Es gibt also eine breite und spürbare Entlastung. Wo aber alle Arbeitnehmer, Familien und Unternehmen entlastet werden sollen, muss zwangsläufig einer belastet werden. In diesem Falle sind es die öffentlichen Hände und die durch die Bundesregierung geplante und zum Teil schon umgesetzte Nettoentlastung der Bürgerunternehmen von insgesamt 73 Milliarden DM. Also wir haben etwa 30 Milliarden DM in der ersten Stufe, 43 Milliarden DM in der zweiten und dritten Stufe. Das strapaziert die öffentlichen Haushalte stark. Der Staat geht mit dieser Steuerreform bis an die Grenze seiner Belastbarkeit. Auch uns werden in den kommenden Jahren die fehlenden Steuereinnahmen zu schaffen machen.

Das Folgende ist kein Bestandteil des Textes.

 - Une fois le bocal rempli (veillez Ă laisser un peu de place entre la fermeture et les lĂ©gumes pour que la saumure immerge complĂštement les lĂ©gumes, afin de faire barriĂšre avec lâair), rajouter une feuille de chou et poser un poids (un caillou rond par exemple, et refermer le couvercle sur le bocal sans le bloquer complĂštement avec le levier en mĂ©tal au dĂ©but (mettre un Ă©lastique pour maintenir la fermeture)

Dennoch sind diese Maßnahmen dringend geboten. Die Steuerpolitik der Vorgängerregierung hat sich auf regelmäßige Steuererhöhungen beschränkt. Bei gleichzeitiger Verengung der Bemessungsgrundlage hat uns das in eine Sackgasse geführt, aus der wir nur unter erheblichen Anstrengungen wieder herausfinden. Das Wirtschaftswachstum in Deutschland ist deutlich hinter das anderer Industrieländer zurückgefallen. Stagnationen drohte, Unternehmen hatten schwer an der Steuerlast zu tragen, Investitionen blieben aus. Die Binnennachfrage konnte aufgrund der hohen Steuerlast keine Wachstumsimpulse setzen. Der unbewältigte Reformstau wirkte sich lähmend aus in einer Zeit, in der sich die übrigen Industrienationen im Aufbruch befanden. Globalisierung, Internet und Biotechnologien seien hier exemplarisch genannt.

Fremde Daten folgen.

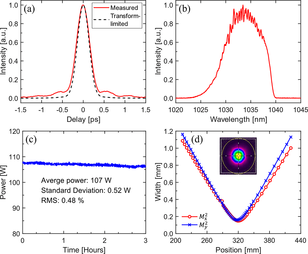 圖2. 單脈沖1.07 mJ時(shí)的(a)自相關(guān)曲線,(b)光譜分布,(c)功率穩(wěn)定性和(d)光束質(zhì)量結(jié)果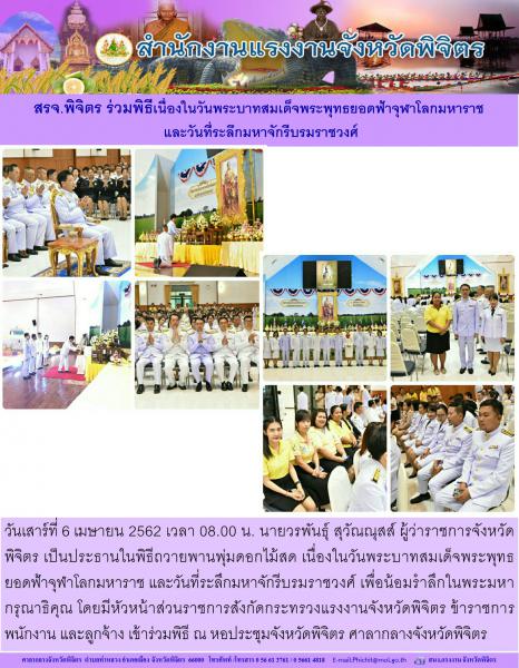วันเสาร์ที่ 6 เมษายน 2562 เวลา 08.00 น. นายวรพันธุ์ สุวัณณุสส์ ผู้ว่าราชการจังหวัดพิจิตร เป็นประธานในพิธีถวายพานพุ่มดอกไม้สด เนื่องในวันพระบาทสมเด็จพระพุทธ ยอดฟ้าจุฬาโลกมหาราช และวันที่ระลึกมหาจักรีบรมราชวงศ์ เพื่อน้อมรำลึกในพระมหากรุณาธิคุณ โดยมีหัวหน้าส่วนราชการสังกัดกระทรวงแรงงานจังหวัดพิจิตร ข้าราชการ พนักงาน และลูกจ้าง เข้าร่วมพิธี ณ หอประชุมจังหวัดพิจิตร ศาลากลางจังหวัดพิจิตร

Also, meine Damen und Herren, es gibt keine Alternative. Wer international konkurrenzfähig bleiben, Wachstum fördern und Arbeitsplätze schaffen will, muss die Steuerschraube lockern. Und wie wirkt es nun in MecklenburgVorpommern? Jede Analyse der Gewinnsituation von Personenunternehmen in unserem Lande zeigt, dass Ertragskraft und Eigenkapitalbasis unterdurchschnittlich sind. Über die Hälfte aller Unternehmen im Lande erzielen Gewinne, die pro Jahr unter 50.000 DM liegen.
Vor diesem Hintergrund lohnt es sich, einmal die Entwürfe der Bundesregierung und der Opposition zu vergleichen. Auffällig ist zunächst, dass der Antrag der Opposition im Bundestag auf dem Entwurf der Bundesregierung aufbaut. Die wesentlichen Teile der Steuerreform trägt also die Opposition mit, ein gutes Zeichen, denke ich. Richtig interessant wird der Vergleich aber erst, wenn man die Unterschiede dann betrachtet. Den Spitzensteuersatz von 53 Prozent will die Opposition nicht etwa um 8 Prozent senken wie die Bundesregierung, sondern gleich um 18 Prozent.
Ein Ehepaar soll also seine Einkünfte nur noch mit 35 Prozent versteuern müssen, wenn diese über 220.000
DM liegen. Bezahlen sollen diese Wohltat all diejenigen, die wirtschaftlich weniger gut dastehen, denn die CDU will den Grundfreibetrag für Verheiratete um 840 DM reduzieren. Damit müsste eben jedes Ehepaar, das über 30.000 DM liegt, mehr versteuern.
Die Höhe des Spitzensteuersatzes ist aber nicht das Problem der Bürger und der Unternehmen in unserem Land.
Ein Familieneinkommen von über 220.000 DM trifft man hier leider eher selten an, und bei den Unternehmen – das habe ich schon gesagt – liegen mehr als 50 Prozent unter 50.000 DM. Eine weitere Besserstellung dieser Klientel über den Vorschlag der Bundesregierung hinaus ist darum mit uns nicht zu machen.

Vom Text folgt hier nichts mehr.